::: Raw data
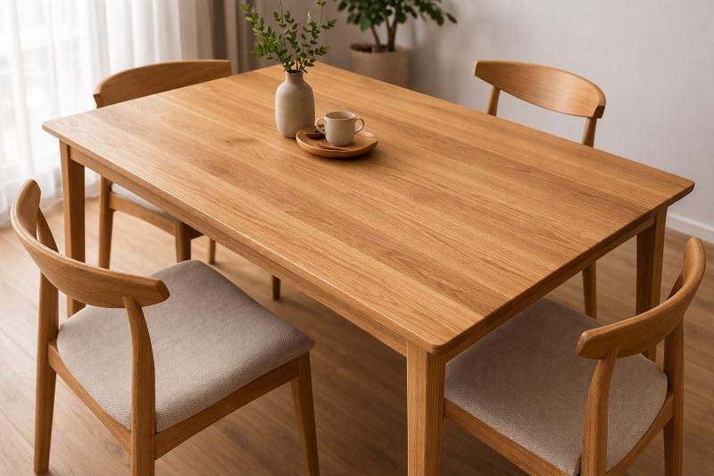 家具の木の色を選ぶことに迷いがあるなら、建具と同じ色にしておけば、まとまりが出て、部屋に広がりを感じさせます。
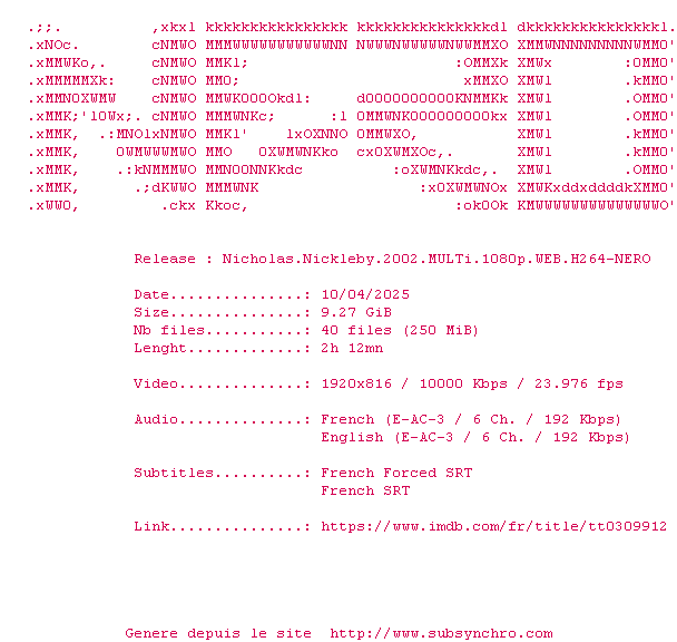 Voir le nfo de la release Nicholas.Nickleby.2002.MULTi.1080p.WEB.H264-NERO
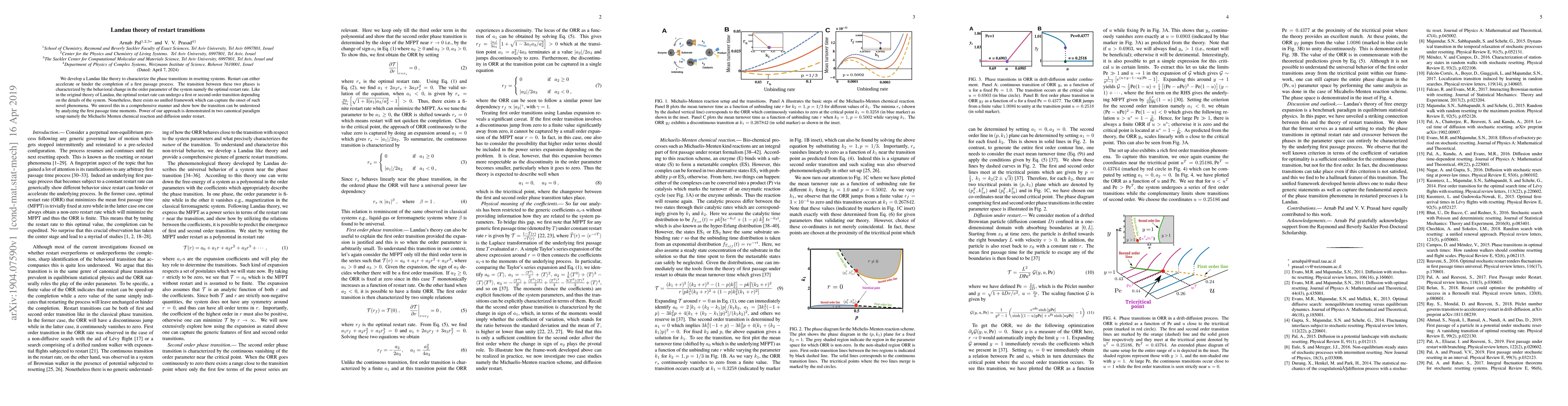 This paper develops a Landau theory to describe phase transitions in resetting systems, where restarts can either speed up or delay a first passage process. It introduces a unified framework to characterize the transition in the optimal restart rate, demonstrating its application through the Michaelis Menten reaction and diffusion under restart scenarios.
::::::
Instructions to follow:
When you copy the data above, reproduce each line exactly and skip every image.

Written answer:
 家具の木の色を選ぶことに迷いがあるなら、建具と同じ色にしておけば、まとまりが出て、部屋に広がりを感じさせます。
 Voir le nfo de la release Nicholas.Nickleby.2002.MULTi.1080p.WEB.H264-NERO
 This paper develops a Landau theory to describe phase transitions in resetting systems, where restarts can either speed up or delay a first passage process. It introduces a unified framework to characterize the transition in the optimal restart rate, demonstrating its application through the Michaelis Menten reaction and diffusion under restart scenarios.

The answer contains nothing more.